Tim and I thought it would be a great movie to show the boys when they were about nine or ten years old, one wintry snow-day, although we were soon rudely reminded that there are quite a few pretty shameless sex scenes not really suitable for young boys!  Tim had to sit with his finger on the remote, fast-forwarding at the inappropriate moments! 

After hauling firewood I made a fire and supper and worried about Matthew and Tim driving home separately in the now crazily blowing snow.

The IB is the International Baccalaureate, a system of schooling in 11th and 12th grades which is recognised by the universities and colleges of most countries of the world.  The IB aims to promote global citizenship and this year in 9th and 10th grade we are having a two-week period of global awareness classes, all subjects, science, art, French, history, all based on the theme of Water.  I suggested that our school connect with a school in an arid country, and then thought how South Africa would be perfect, and that we may be able to communicate with my old beloved Nombulelo in Grahamstown. 
Nombulelo Secondary School,  somewhat resembling a prison.

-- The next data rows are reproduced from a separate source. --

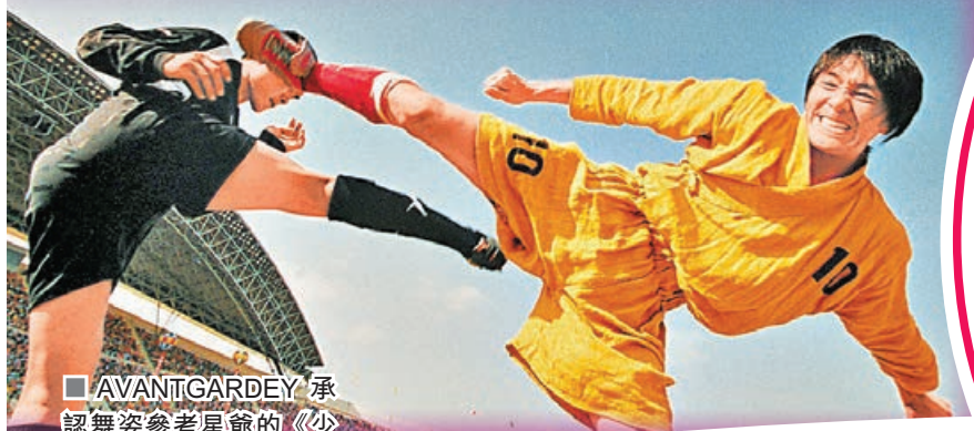
■ AVANTGARDEY 承認舞姿參考星爺的《少林足球》。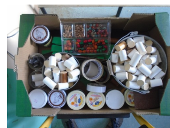
Petit matériel (pions)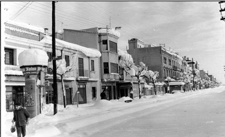
Arxiu Municipal del Masnou, fotografia núm. 145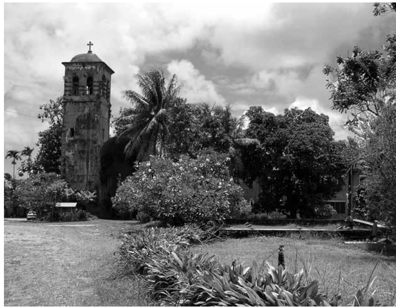
Izquierda: Restos de los muros del Forte Alfonso XIII en el centro histórico de Kolonia, capital de Pohnpei. Construido en época de dominación española y mantenido posteriormente por el gobierno colonial alemán debido a las frecuentes revueltas de la población.

Nombulelo (We thank you) Secondary School was the school where I taught for ten years.  Ten turbulent years in South Africa's history, 1984 - 1993. A decade of terrible repression by the state during the state of Emergency, rioting, murders, detentions, and the release of Nelson Mandela in 1990.  It is the decade which made me who I am.  During apartheid each race had its own schools, and the least money was spent on black schools and students.  For some reason Nombulelo was built as a new model school, opening its doors one year before I joined the staff.  Each morning began with assembly, the combined voices of more than a thousand students singing the Lord's Prayer in Xhosa, Bawo wethu osezulwini, very beautiful.  Nombulelo is the school where I taught, but where I learned more.